Microsoft released TypeScript 5.0 on schedule almost two months after the first beta. The stable release brings a fresh concept for decorators that builds on plans for ECMAScript. In addition, parameters can be declared as constants to improve type inference.

TypeScript 5.0 is not a fresh major version: the team uses decimal counting for the programming language and increases the decimal place by one for each feature release. Consequently, TypeScript 5.0 follows version 4.9, just like 2020 TypeScript 4.0 follows version 3.9.

TypeScript previously knew decorators as an experimental implementation that used the compiler flag --experimentalDecorators required. Decorators are functions that are called on classes or their functions and properties. You can replace, initialize, or provide advanced access to elements. The current release turns the integration inside out and relies on the current status of the associated ECMAScript proposalsi.e. the standard for decorators planned for JavaScript.

A typical example, which can also be found in the ECMAScript proposal, is replacing a method with a general method that outputs a message to the console each time it is called in order to track down errors. An example of this can be found on the TypeScript blog. The following code shows the simple variant without TypeChecking:

function loggedMethod(originalMethod: any, _context: any) {

    function replacementMethod(this: any, ...args: any()) {
        console.log("LOG: Entering method.")
        const result = originalMethod.call(this, ...args);
        console.log("LOG: Exiting method.")
        return result;
    }

    return replacementMethod;
}

one with @loggedMethod decorated method uses this function as a replacement. It first gives “LOG: Entering method.” then executes the original method (originalMethod.call) to finally “LOG: Exiting method.” to write to the console.

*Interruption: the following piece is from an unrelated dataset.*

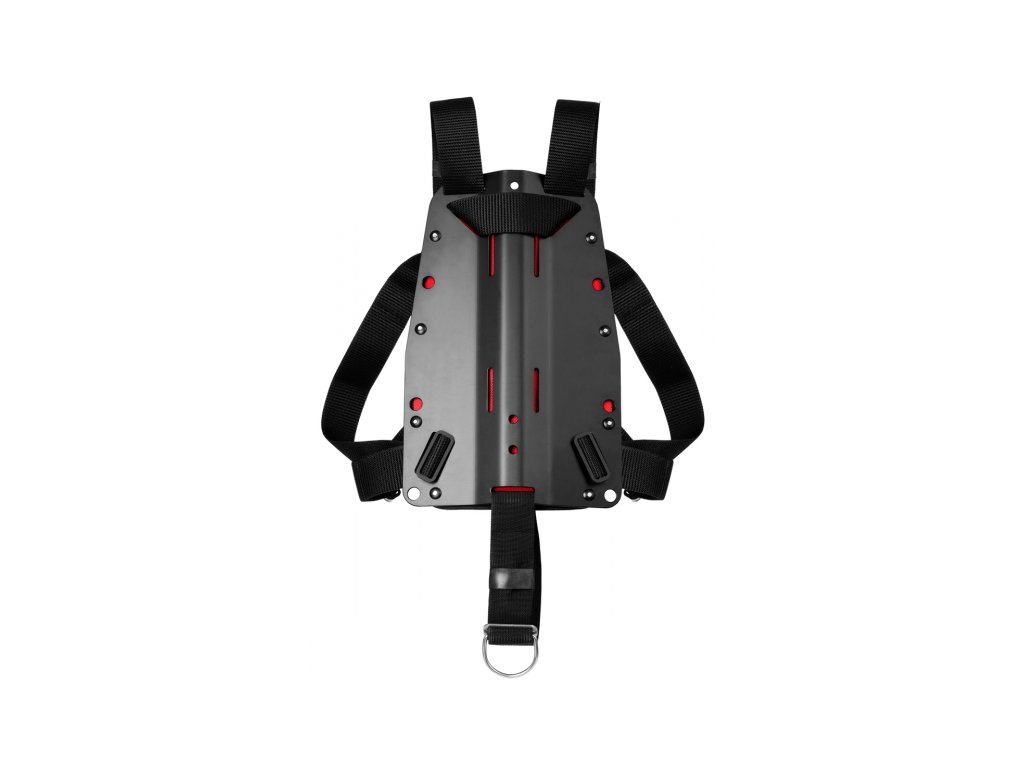 Pro postroj FLY side jsme použili naši kvalitní zádovou desku. Důvodem je zabezpečení ideálního rozložení zátěže a díky tomu nikdy neponesete moc, nebo příliš málo. Postroj je plně nastavitelný s výběrem zádových desek. Hliníková na cestování nebo z nerezové oceli pro lokální ponory (3 mm nebo 6 mm, podle požadované hmotnosti). Zátěžový systém může být taktéž upraven – nabízíme kapsy na závaží umístěné na zádové desce ve třech velikostech: 1, 2 nebo 3 kg závaží, ale také možnost použít integrovanou zátěž, která je šrouby připevněná k zádové desce – 2 x 5 kg.
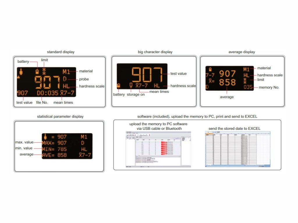 - În baza Leeb (HLD), conversie la Vickers (HV), Brinell (HB), Rockwell (HRA, HRB, HRC), Shore (HS) și rezistență la tracțiune

At least temporarily, TypeScript will allow both the new and the old implementation. The latter intervenes when the compiler flag --experimentalDecorators is set. Otherwise, the new decorators apply, although they are different from the old implementation no parameter decorators allowed and the metadata does not have --emitDecoratorMetadata can spend.

Compared to the beta, the team has added a little something to the decorators: A decorator can either be in front of or behind, as in the ECMAScript proposal export stand. Both positions are allowed, but must not appear mixed:

//  vor export ist erlaubt:
@register export default class Foo {
    // ...
}

//  hinter export ist erlaubt:
export default @register class Bar {
    // ...
}

//  vor UND hinter export ist nicht erlaubt:
@before export @after class Bar {
    // ...
}

Another addition in TypeScript 5.0 is intended to improve type inference: parameters can be declared as constants. So care the keyword const in

type HasNames = { names: readonly string() };
function getNamesExactly<const T extends HasNames>(arg: T): 
  T("names") { ... }

for TypeScript to use the type exactly and not as string() recognizes. Constant only refers to the type, not the value. To declare it immutable is readonly necessary.

In addition, there are a few other notable innovations in the current release: From TypeScript 5.0, configuration files for projects may be used on more than one basis extends and enumerations are now always union enums instead of numeric constants as before.

In interaction with JSDoc, TypeScript 5.0 knows two new distinctions: @overload for overloaded functions and @satisfies for the operator introduced in TypeScript 4.9 satisfies.

Other innovations in TypeScript 5.0 can be found on the TypeScript blog. The programming language can be used with npm install typescript install or Download via NuGet.